**WHAT IS NEEDED:** All lines from the one containing "Жесткий диск HDD" through the end of the material below are to be printed exactly, both ends included, minus pictures.

**DATA EXTRACT:**

· · ·

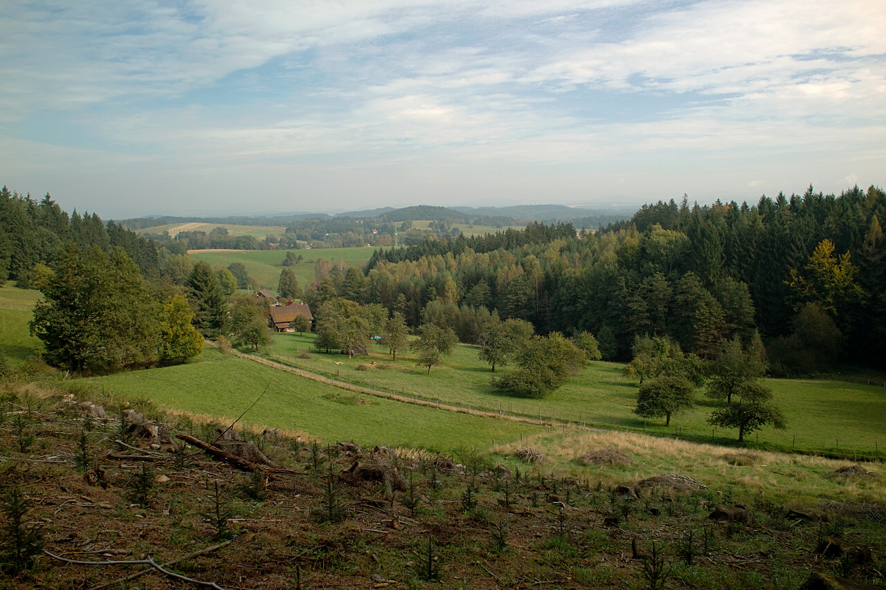 Na tomto snímku by to bylo dozajista velmi poznat, pokud se zaměřím na tu chalupu uprostřed, tak má HNĚDO-CIHLOVOU střechu a kolem jsou stromy - větve krásné hnědé. Pokud bych toto cvaknul jakýmkoliv Merrillem a jakýmkoliv sklem, byla by střecha z pálené cihly a větvemi by prolejzala magenta, mimojiné u všech stromů, kde není tolik zelené... :shock:
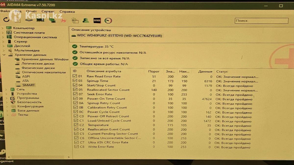 Жесткий диск HDD 4 TB Western Digital Purple в отличном состоянии, фото проверки на ошибки приложил. Вопросы в
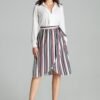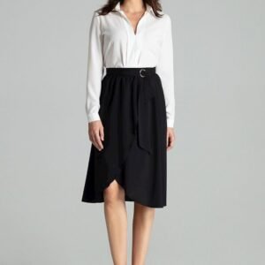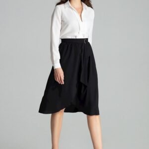 Czarna spódnica midi marszczona w pasie, zapinana na boczny kryty zamek. Kopertowy przód spódnicy. Z przodu pasek z ozdobną metalową klamrą w kolorze złotym. Sukienka bez podszewki i bez kieszeni.

· · ·

**WRITTEN SOLUTION:**
 Жесткий диск HDD 4 TB Western Digital Purple в отличном состоянии, фото проверки на ошибки приложил. Вопросы в
 Czarna spódnica midi marszczona w pasie, zapinana na boczny kryty zamek. Kopertowy przód spódnicy. Z przodu pasek z ozdobną metalową klamrą w kolorze złotym. Sukienka bez podszewki i bez kieszeni.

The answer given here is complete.